Raw skim milk was subjected to different heat treatments: thermization (65°C, 20 s), pasteurization (72°C, 15 s), and no heat treatment (milk was microfiltered using 1.4-µm membranes at 50°C for bacteria removal; 1.4 MF). The milk (thermized, pasteurized, and 1.4 MF) was cooled and stored at 2°C until processing (at least 24 h) with cold (∼6°C) microfiltration using a benchtop crossflow pilot unit (Pall Membralox XLAB 5, Pall Corp., Port Washington, NY) equipped with 0.1-µm nominal pore diameter ceramic Membralox membrane (ET1-070, α-alumina, Pall Corp.). The flux was monitored during the process, and β-casein transmission and removal were calculated. The study aimed to indicate the conditions that should be applied to maximize β-casein passage through the membrane during cold microfiltration (5.6 ± 0.4°C) of skim milk. The proper selection of heat treatment parameters (temperature, time) of the feed before the cold microfiltration process will increase β-casein removal.

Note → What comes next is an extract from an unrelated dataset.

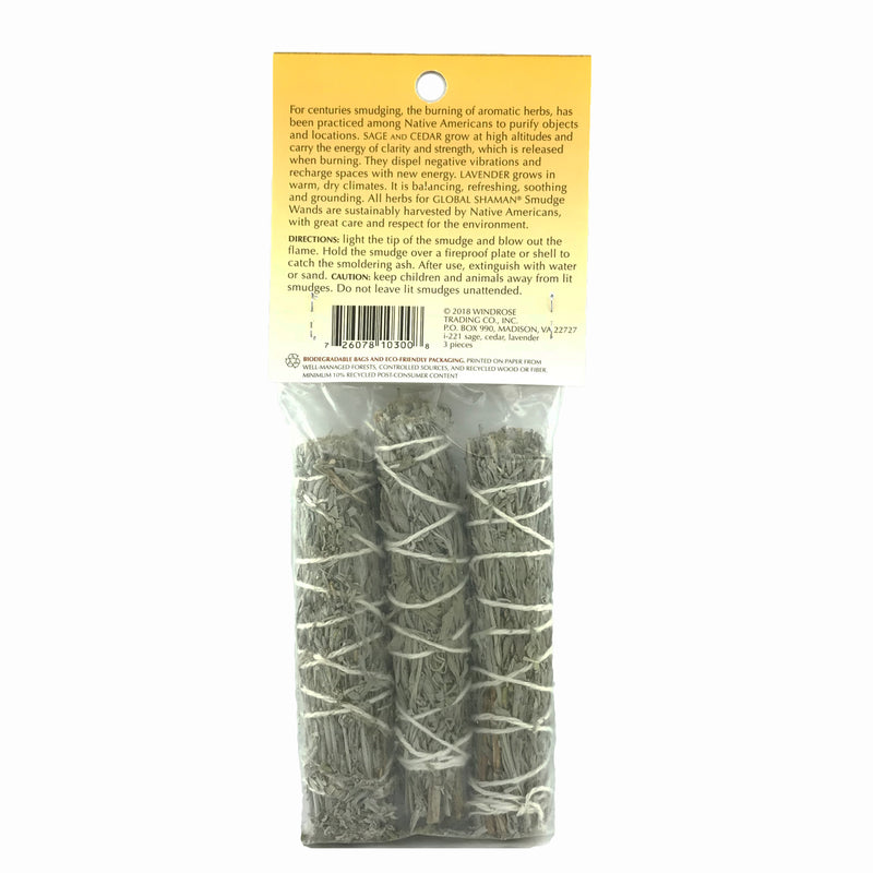 Sage, Cedar and Lavender Smudge Stick Set - 3 Pack

It is not clear whether the difference in β-casein transmission between 1.4 MF, thermized, and pasteurized milk results from the effect of heat treatment conditions on β-casein dissociation from the casein micelles or on passage of β-casein through the membrane. The values of the major parameters (permeation flux and tangential flow velocity, through the wall shear stress) responsible for a proper membrane separation process were considerably lower than the critical values. It seems that the viscosity of the retentate has a great effect on the performance of the microfiltration membranes for protein separation at refrigerated temperatures.

生脱脂奶经过不同的热处理：热化（65°C，20 s），巴氏灭菌（72°C，15 s），并且不进行热处理（使用1.4 µm膜在50°C下对牛奶进行微滤以去除细菌） ； 1.4 MF）。将牛奶（加热，巴氏灭菌和1.4 MF）冷却并在2°C下储存，直到使用台式横流先导装置（Pall Membralox XLAB 5，Pall Corp.）以冷（〜6°C）微滤处理（至少24小时）为止。 （美国纽约州华盛顿港）装有标称孔径为0.1 µm的Membralox陶瓷Membralox膜（ET1-070，α-氧化铝，颇尔公司）。在此过程中对通量进行了监控，并且计算β-酪蛋白的传递和去除。该研究旨在指出脱脂牛奶在冷微滤（5.6±0.4°C）期间应最大化β-酪蛋白通过膜的条件。在冷微滤过程之前正确选择进料的热处理参数（温度，时间）会增加β-酪蛋白的去除率。尚不清楚1.4 MF，热奶和巴氏杀菌奶之间的β-酪蛋白传递差异热处理条件对酪蛋白胶束中β-酪蛋白解离的影响或β-酪蛋白通过膜的通过的结果。负责适当的膜分离过程的主要参数（渗透通量和切向流速，通过壁切应力）的值大大低于临界值。似乎滞留物的粘度对在冷藏温度下用于蛋白质分离的微滤膜的性能有很大影响。